Он извлёк координаты, данные о местоположении Зеркала. Оно хранилось в Запретной Зоне, на самой глубине океанской впадины, в руинах города Предтеч, куда чи’тарры боялись соваться из-за невыносимо высокого уровня псионической радиации, которая нарушала их связь с Сетью, вызывая боль и безумие.
Идеально. Абсолютно.
Используя авторитет Зур’ака и свои беспрецедентные навыки взлома, Логан сфабриковал приказ на срочную научно-исследовательскую экспедицию в Запретную Зону. Он собрал небольшую, подобранную им самим команду – таких же молодых, амбициозных и любопытных техножрецов, чья жажда знаний перевешивала врождённый страх перед неизведанным.
Путь на глубину был долгим, опасным, погружающим во мрак. Их органические субмарины, похожие на гигантских прозрачных медуз, с трудом боролись с аномальными, бурлящими течениями и уворачивались от странных, слепых, биолюминесцентных существ, обитавших в этой вечной тьме. Наконец, они достигли руин. Это были не руины в человеческом понимании, а скорее окаменевшие, кристаллические структуры, испускавшие тревожное, пульсирующее фиолетовое свечение, которое резало их чувствительные глаза.
Псионическая радиация была ужасной. Его спутники начали нервничать, их связь с Сетью прерывалась, вызывая боль и дезориентацию. Но Логан, с его якорем Архивиста, был защищён. Чужой разум внутри него служил щитом.
Они вошли в огромное подводное сооружение. В его центре, на пьедестале из чёрного камня, висело «Трепещущее Зеркало». Оно не было сделано из стекла. Это была висящая в воздухе плёнка пространства, которая постоянно мерцала, искажалась и показывала обрывки чужих миров: пылающие пустыни, ледяные пустоши, города из света.
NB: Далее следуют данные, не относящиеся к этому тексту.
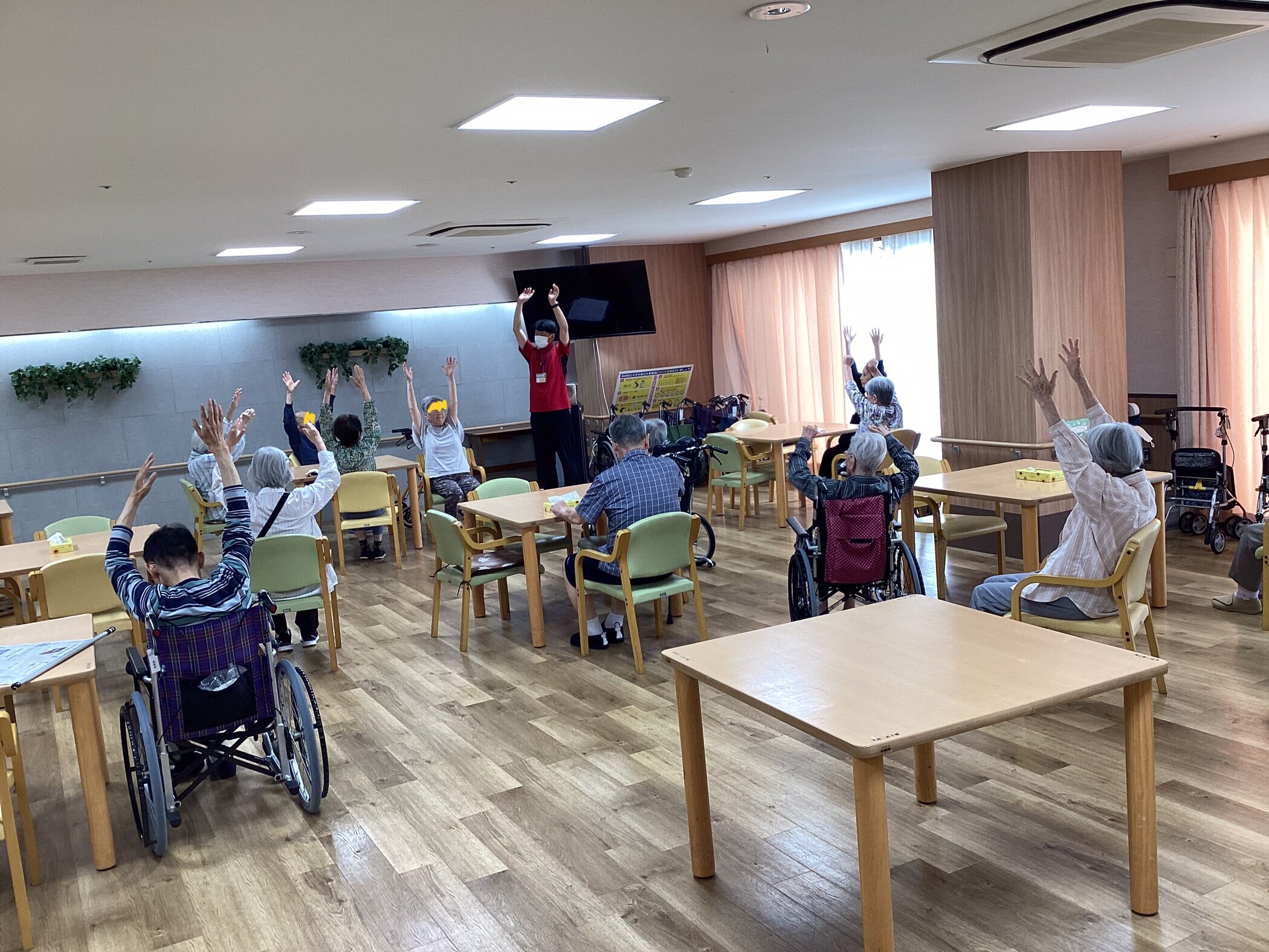 今回は毎週水曜日、お昼のレクリエーションで行っている体操レクのようすをお伝えします!

«Зур’ак, это опасно! – передал ему один из его спутников, Эл’ни. – Мы должны доложить Совету!»
«Нет времени, – мысленно ответил Логан. – Я должен активировать его».
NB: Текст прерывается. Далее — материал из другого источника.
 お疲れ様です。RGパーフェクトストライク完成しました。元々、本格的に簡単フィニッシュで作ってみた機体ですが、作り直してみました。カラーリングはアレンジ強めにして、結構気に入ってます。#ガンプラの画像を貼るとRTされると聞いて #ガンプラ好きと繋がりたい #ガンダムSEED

Он подошёл к Зеркалу. Его разум чи’тарра анализировал потоки энергии. Ему нужен был не просто случайный мир. Ему нужен был конкретный мир. Мир краксаров. Мир руин.
Он вспомнил свой Якорь. Боль. Жгучую, пронзительную боль от яда механического паука. Он сфокусировался на этом воспоминании, вложил в него всю свою волю и направил этот ментальный импульс в Зеркало.
Зеркало взревело. Мерцающая плёнка закружилась, превратившись в воронку. Изображения чужих миров смешались в кашу, а затем стабилизировались. Он увидел тёмную пещеру, гладкие стены, потухшие консоли. Это было оно.
«Зур’ак, что ты делаешь?!» – крикнула Эл’ни.
Логан обернулся. Он видел их испуганные лица, их боль от разрыва с Сетью. Он чувствовал странную грусть. Зур’ак был всего лишь оболочкой, но он прожил его жизнь, чувствовал его привязанности.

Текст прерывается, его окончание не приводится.